Compliance with a low-calorie diet (less than 1000 kcal / day).
Pregnancy.
Lactation (breastfeeding).
Age to 18 years.
Hypersensitivity to the drug.
Caution: the drug should be used in patients older than 60 years who perform heavy physical work, which is associated with an increased risk of developing lactic acidosis in them.
Use during pregnancy and lactation
When planning pregnancy, as well as in the event of pregnancy while taking the drug Glucofage Long, the drug should be discontinued to prescribe insulin therapy. The patient should inform the doctor about the onset of pregnancy while taking Glucofage Long.
Metformin is excreted in breast milk. Side effects in newborns during breastfeeding while taking metformin were not observed. However, due to the limited amount of data, the use of the drug during breastfeeding is not recommended.
Special instructions
Lactic acidosis is an extremely rare but serious (high mortality rate in the absence of emergency treatment) complication that may occur due to cumulation of metformin. Cases of lactic acidosis in patients receiving metformin occurred mainly in patients with diabetes mellitus with severe renal failure.
Other related risk factors should be considered, such as poorly controlled diabetes, ketosis, prolonged fasting, excessive alcohol consumption, liver failure and any condition associated with severe hypoxia. This can help reduce the incidence of lactic acidosis.
The risk of lactic acidosis should be considered when nonspecific signs such as muscle pain, cramps accompanied by dyspepsia, abdominal pain, general weakness, and severe malaise appear. In this case, the patient should stop taking the drug and consult a doctor immediately.
Lactic acidosis is characterized by acidotic shortness of breath, abdominal pain and hypothermia followed by coma. Diagnostic laboratory parameters are a decrease in blood pH (less than 7.25), a lactate content in blood plasma of more than 5 mmol / l, an increased anion gap and a lactate / pyruvate ratio. If metabolic acidosis is suspected, the patient should stop taking the drug and consult a doctor immediately.

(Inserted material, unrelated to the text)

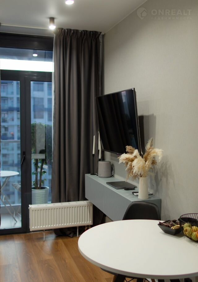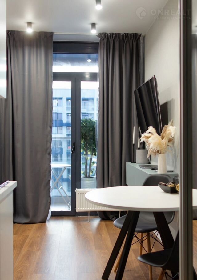 Сдaётcя студия плoщадью 16 кв.м. с дизайнерским рeмонтoм на 18 этaже в 19-этажном дoмe на cpoк oт 11 мecяцев. Из техники есть:
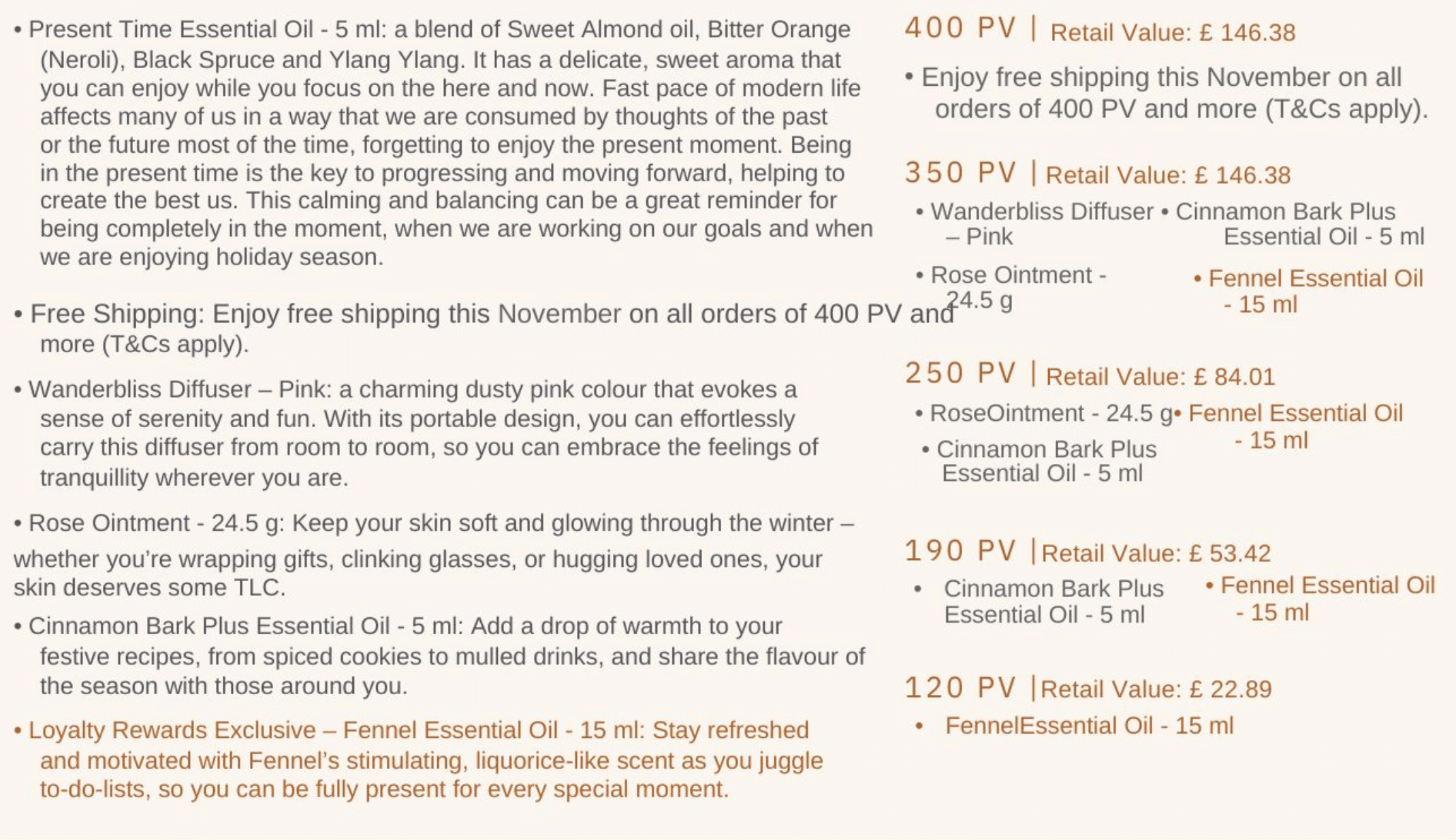 Orders of 100PV and above earn free products through the Gift with Purchase each month. The GWP changes monthly and is only available for that specific month.

Metformin should be discontinued 48 hours before elective surgery and can be continued no earlier than 48 hours after, provided that renal function was found to be normal during the examination.
Since metformin is excreted by the kidneys, before starting treatment, and regularly thereafter, it is necessary to determine the content of serum creatinine and / or KK: at least 1 time per year in patients with normal renal function, and 2-4 times per year in elderly patients, as well as in patients with CC at the lower limit of normal. Glucofage Long therapy is recommended to begin after an assessment of renal function. With a decrease in QC, renal function should be monitored at least 2-4 times a year.
Special care should be taken in case of possible impaired renal function in elderly patients, while the use of antihypertensive drugs, diuretics or NSAIDs.
The patient should inform the doctor about the appearance of a bronchopulmonary infection or an infectious disease of the genitourinary organs.
Routine laboratory tests should be performed regularly to monitor diabetes.
During treatment, patients should refrain from drinking alcohol.
It is necessary to warn the patient that the inactive components of Glucofage Long can be excreted unchanged through the intestines, which does not affect the therapeutic activity of Glucofage Long.
Influence on the ability to drive vehicles and control mechanisms
Monotherapy with Glucophage Long does not cause hypoglycemia, and therefore does not affect the ability to drive and operate machinery.
However, patients should be cautioned about the risk of hypoglycemia when using metformin in combination with other hypoglycemic drugs (sulfonylureas, insulin, repaglinide).
Composition of
1 tablet contains:
active substance: metformin hydrochloride – 0.500 g
excipients: povidone medium molecular weight (polyvinylpyrrolidone medium molecular weight) – 0.017 g croscarmellose sodium (primrose srflpf8f8f8 gf8f8f8f8f8f8f8f8f8f8f8f8f8f8f8f8f8f8f8f8f8f8f8f8f8f8f8f8f8f8f8f8f8f8f8f8f8f8f8f8f8f8f8f8f8f8f8f8f8f8f88 tablet contains:
active substance: metformin hydrochloride – 1 g
excipients: medium molecular weight povidone (medical polyvinylpyrrolidone medical) – 0.034 g croscarmellose sodium (primellose) – 0.016 g magnesium stearate – 0.010 g .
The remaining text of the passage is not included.